Oral-B is an American brand of oral hygiene products, including toothpastes, toothbrushes, electric toothbrushes, and mouthwashes. The brand has been in business since the invention of the Hutson toothbrush in 1950 and in Redwood City, California.

History 
Dr. Robert W. Hutson (1919–2001), owner of a periodontal practice in San Jose, began designing a toothbrush in the 1940s. By 1949, he discovered that thin, round-ended, nylon filaments would be gentle on the gums yet effective for cleaning teeth. Hutson patented a toothbrush in 1950. The application for a design patent for his "Hutson toothbrush" was filed on January 13, 1950, and U.S. Design Patent No. 160,604 was granted on October 24 the same year. In 1958, he was granted a utility patent for a "mouthbrush" having fine, soft, flat-ended nylon bristles, and a similar appearance to the 1950 design.

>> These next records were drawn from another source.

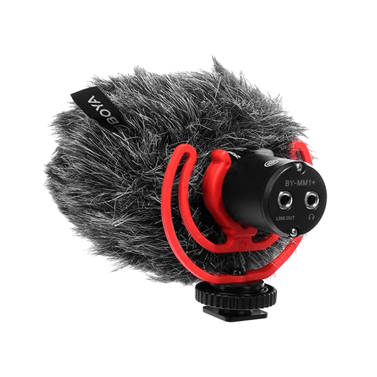 Микрофон BY-MM1+ имеет кардиоидную диаграмму и позволяет записывать звук из зоны в которую направлен. К нему прилагается специализированное крепление Rycote, которое гасит колебания, а ворсовая ветрозащита спасет от шума ветра. Имеет выход для наушников, благодаря чему вы будете слышать то, что записываете |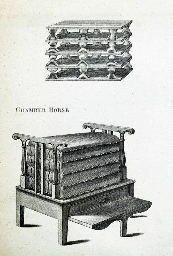 Вот комнатный конёк, нарисованный инженером и дизайнером Томасом Шератоном в 1792 году. Здесь хорошо видно его внутреннее устройство.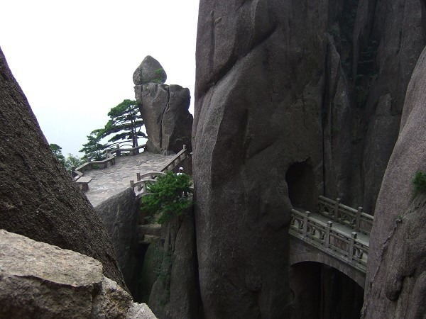 在岔路口左先能看到竖琴松(旁边是蘑菇亭),右面崖壁上是探海松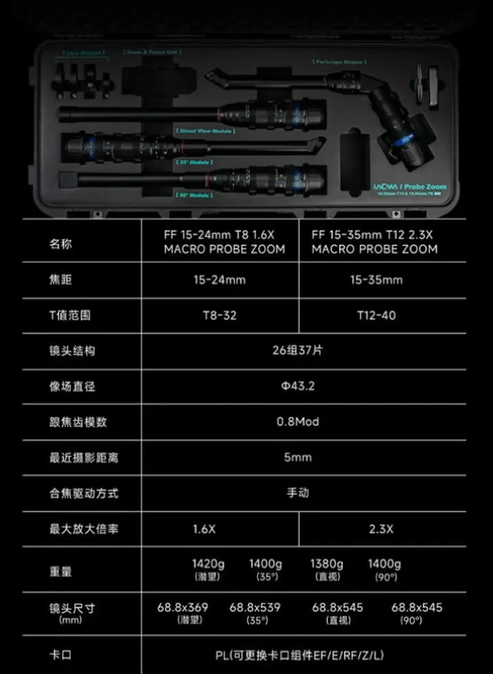 老蛙正式推出两款变焦探针镜头:FF 15-24mm T8 1.6X MACRO PROBE ZOOM与FF 15-35mm T12 2.3X MACRO PROBE ZOOM。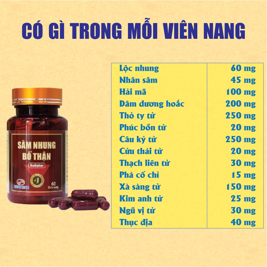 Thực phẩm bảo vệ sức khỏe Viên uống tăng cường sinh lý sâm nhung bổ thận Hadiphar (60 viên)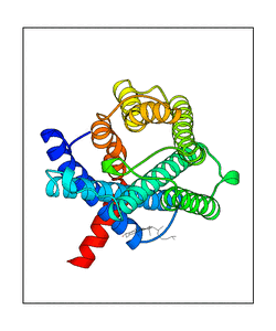 These views are prepared from three orthologuous viewpoints with MolScript. Secondary structures are determined from the C-alpha atom positions of your protein (N-terminal blue, C-terminal red).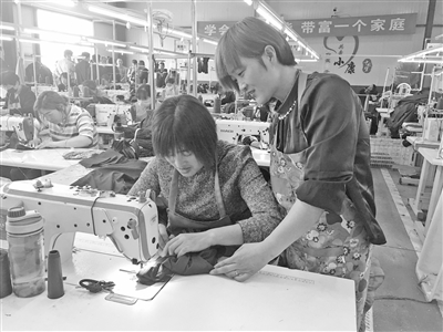 近日,鄄城县旧城镇葵堌堆行政村村民李娟,正在扶贫车间为女工教授缝纫技术。“我身有残疾,虽然我会缝纫,但一直没有施展的平台。去年看到这里的招聘信息,就报名来这里干活,上班后每月收入将近5000元。”李娟高兴地说。据了解,鄄城县对“就业扶贫车间”提供政策支持,利用县乡公共就业平台免费推荐用工,并为创业企业和个人提供资金和技术支持,优先为贫困户提供就业岗位,实现扶贫新成效。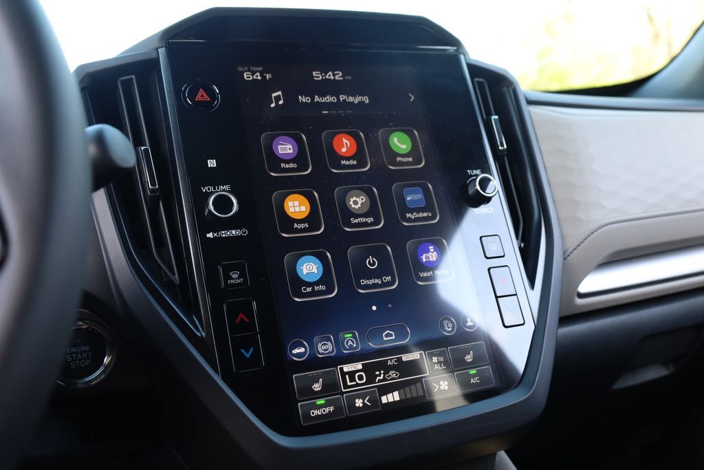 Stay connected and entertained on the go with the advanced technology features of the 2026 Subaru Forester Premium. The 11.6 inch primary display with a primary monitor touchscreen serves as the hub for all your infotainment needs. Seamlessly integrate your smartphone with MySubaru/Apple CarPlay/Android Auto smart device wireless mirroring. Enjoy your favorite music and podcasts with Bluetooth® wireless audio streaming. The vehicle is equipped with 4 USB ports to keep your devices charged and ready. The steering wheel mounted audio controls allow you to adjust the volume and change tracks without taking your hands off the wheel. Use the voice activated audio controls to manage your music and other functions with ease. Stay informed with the ECO feedback display gauge and the exterior temperature display. The integrated roof audio antenna ensures optimal radio reception.

He claimed in his application that this brush was less abrasive to tooth enamel, better for massaging the gums, and more effective at picking up tooth powder than other brushes available at the time, which had coarse, angle-cut bristles.

The toothbrushes were made by the Owens Brush Company. The partners placed a $10,000 order for brushes and hired the first two sales people. In order to create demand for new brushes, the sales team devoted almost all of their time to communicating with dentists, passing samples and outreach work. The result of these efforts has been a steady increase in the number of orders. The next successful step was the decision to participate in the conventions and conferences of dentists held in the state of California.

He also created the Oral-B brand name. The first product was known as the "Oral-B 60", because it had 60 tufts. Other sizes were made with differing numbers of tufts and corresponding names. Hutson sold his toothbrush business in the 1960s, and continued his San Jose periodontal practice.

Oral-B became part of the Gillette group in 1984. Braun, also part of the Gillette group at that time, started to use the Oral-B brand for electric toothbrushes. Oral-B has been part of the Procter & Gamble company since 2006.
A company representative has stated that the "B" in Oral-B stands for "brush".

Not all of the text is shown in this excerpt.